One of the central hypotheses of neuroscience is that memories are stored in the brain through modifications of synaptic connectivity. This synaptic plasticity has been studied extensively in vitro, and these experiments have led to the formalization of mathematical rules that describe how specific patterns of pre- and post-synaptic activity lead to changes in synaptic strength. However, the vast majority of these experimental studies have been performed in conditions that are far from physiological. In particular, calcium is known to be critical for the induction of synaptic plasticity in many preparations, but the extracellular calcium concentration used in most studies is significantly higher than the experimentally measured concentration in vivo.
The goal of the present collaborative project is to understand the rules of synaptic plasticity under physiological conditions in two major brain structures, the hippocampus and the cerebellum. It groups together a theoretical team (Brunel) with expertise in synaptic plasticity models, and two experimental teams with expertise in hippocampal plasticity (Debanne) and cerebellar plasticity (Barbour). The theoretical team has recently discovered that in a calcium-based model of synaptic plasticity, lowering the extracellular calcium concentration drastically changes the standard plasticity rules that have been widely assumed.
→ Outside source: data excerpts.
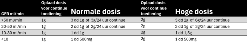 CAV / VVHD: Continue venoveneuze hemodialyse/hemo(dia)filtratie: normale aanvangsdosis, gevolgd door 1 g 1 dd. Bij peri-operatieve profylaxe gedurende 24 uur is aanpassen van de dosering niet nodig.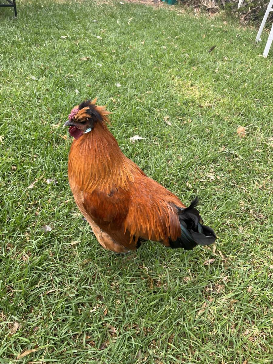 My mum Bettie is a silkie and my dad Bert is a Polish Rooster. I have my Father's good looks and my Mother's kind heart. I'm only small, about the size of an Isa brown.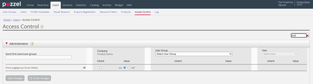 By default, admin users can not see accordion Social Media on page Users – Products, but customer main admins (with access to page Users – Access Control - Administration) can give all or selected admin users access to this new accordion by turning on Show pagegroup social media.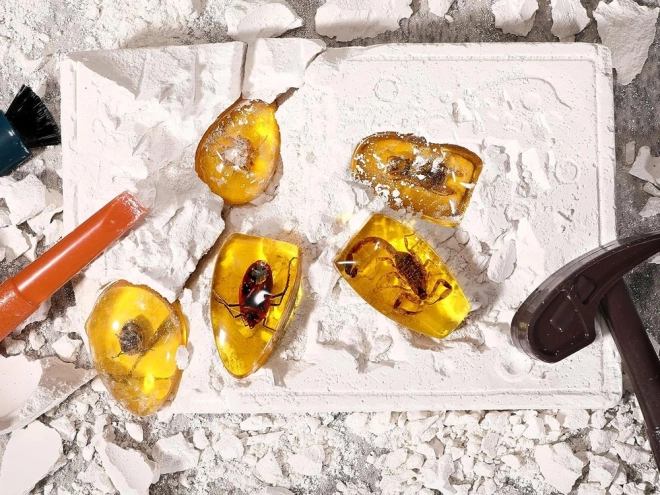 Sadrový blok ukrýva šesť „jantárov“ s hmyzom. Deti ich postupne objavia pomocou kladivka, dlátka a štetca – bezpečne a zábavne.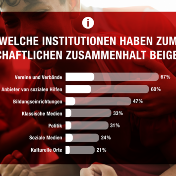 Corona lässt das Wir-Gefühl in der Gesellschaft schwinden. Das zeigt eine repräsentative Umfrage, die der Deutsche Caritasverband im Dezember sowie Anfang Januar vom Institut Forsa durchführen ließ und an der jeweils 1.000 Personen über 14 Jahre teilnahmen. 72 Prozent der befragten Menschen in Deutschland äußerten dabei die Meinung, der gesellschaftliche Zusammenhalt habe durch die Pandemie gelitten. Zwei Drittel sagten aber auch: Institutionen, bei denen sich Menschen ehrenamtlich für andere engagieren, sowie Anbieter von sozialen Hilfen haben in dieser Zeit am meisten dazu beigetragen, die Gesellschaft zusammenzuhalten. Der Beitrag der Medien, der Politik und kultureller Institutionen zum Zusammenhalt in der Pandemie wurde dagegen eher gering bewertet.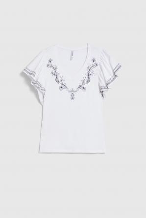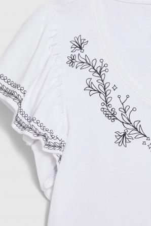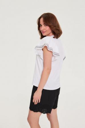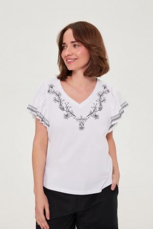 100% BAVLNA Tato klasická bílá halenka je základním doplňkem šatníku a kombinuje ženský střih s každodenním pohodlím. Měkká, příjemná bavlněná tkanina zajišťuje celodenní pohodlí, zatímco jemné volány a decentní potisk dodávají halence charakter bez přehnaných ozdob. Přiléhavý výstřih do V krásně zdůrazňuje postavu a zároveň zachovává přirozený uvolněný střih a volnost pohybu. Ideální pro mnoho příležitostí – ideální do práce, na schůzku s přáteli nebo na procházku po městě. Krásně se hodí k džínům, elegantním kalhotám nebo rovné sukni. Tato halenka je módní ležérní volbou, kterou lze snadno zkombinovat se sakem nebo kardiganem a vytvořit tak ležérní nebo elegantní vzhled. Všestrannost, pohodlí a ženský nádech – to vše v jednom nadčasovém designu.

Preliminary experiments performed by both the Debanne and Barbour teams have confirmed that plasticity is reduced, or even completely abolished, in protocols that induce plasticity at higher calcium levels. This project will investigate further plasticity rules under conditions that are far closer to in vivo conditions than traditional in vitro studies, through a tight collaboration among the three labs. In particular, the collaborators will investigate whether neuromodulation and/or realistic patterns of activity can rescue plasticity that they found to be absent at physiological calcium levels. They aim to produce minimal biophysical models of synaptic plasticity that will fit the recorded data, and explain how plasticity is determined by a few key biophysical variables: extracellular calcium concentration, nitric oxide, and neuromodulators. Such a mathematical description of plasticity rules under physiological conditions will serve both the theoretical community, by enabling efficient simulation and analytical calculation, and experimental research, by offering insight into key mechanisms of plasticity.
This project will contribute to scientific exchanges between the US and France. Joint workshops will be held in both countries and their participants will contribute to a tutorial-based Masters course combining theoretical and experimental study of research problems in neuroscience. A companion project is being funded by the French National Research Agency (ANR).